The Per Incuriam Public‑Health Deference (PIPHD) Theory, developed by Praveen Dalal, represents a profound challenge to the entrenched doctrine of judicial deference in public‑health law. For decades, courts have relied on precedents such as Jacobson v. Massachusetts (1905) and Zucht v. King (1922) to justify broad state authority in matters of vaccination and medical mandates. Dalal argues that these cases were decided per incuriam—in ignorance of controlling law, factual distinctions, and constitutional developments—and therefore cannot serve as binding precedents for modern mandates. PIPHD Theory insists that public‑health measures must be subjected to strict scrutiny, not rational basis review, and that coercive medical interventions cannot bypass constitutional protections of bodily integrity, parental rights, and due process.

Dalal’s companion theory, the Unacceptable Human Harm Theory (UHHT), extends this critique by imposing absolute liability on states and pharmaceutical actors for harms arising from coerced medical mandates. Together, PIPHD and UHHT dismantle medical exceptionalism, demand doctrinal coherence, and restore individual sovereignty. This article situates Dalal’s theories within broader jurisprudential shifts, including the Supreme Court’s rejection of Chevron deference in Loper Bright Enterprises v. Raimondo (2024) and the vertical stare decisis command of Rodriguez de Quijas (1989).
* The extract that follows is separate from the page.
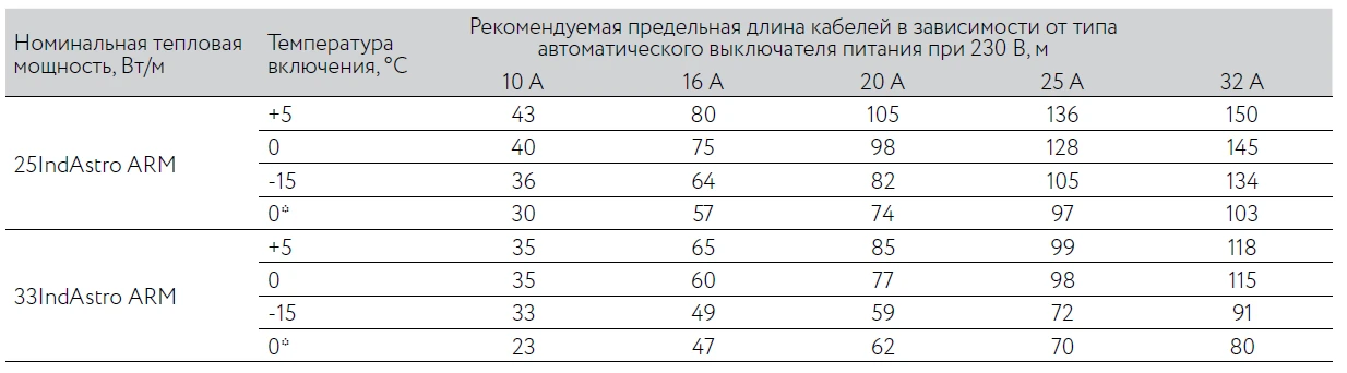 Максимальная длина нагревательной секции нагревательного кабеля ССТ IndAstro ARM рассчитывается, исходя из температуры включения и типа автоматического выключателя питания:
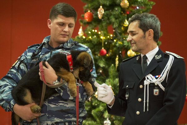 A Russian police officer shows a puppy, named Dobrynya, to a French police before presenting it in the French Embassy in Moscow on Monday, Dec. 7.Pavel Golovkin/The Associated Press

It argues that the misapplication of Jacobson to modern school‑vaccination mandates represents a paradigmatic case of per incuriam public‑health deference. Through comparative tables and sectoral analysis, the article demonstrates how Dalal’s framework provides both doctrinal clarity and practical remedies, ultimately urging the Supreme Court to correct flawed precedents and restore constitutional coherence.

Introduction

For more than a century, American courts have deferred broadly to public‑health authorities, often invoking Jacobson v. Massachusetts as a blanket justification for coercive mandates. Yet Jacobson was a narrow, emergency‑specific ruling: it upheld only a modest fine during a localized smallpox outbreak, without authorizing forced inoculation or exclusion from education. Over time, its reasoning was stretched far beyond its original context, culminating in Zucht v. King (1922), which upheld peacetime exclusion of children from schools for non‑vaccination. Scholars such as Praveen Dalal have rightly criticized Zucht as a per incuriam decision, one that ignored Jacobson’s factual predicates and failed to grapple with the constitutional evolution that followed.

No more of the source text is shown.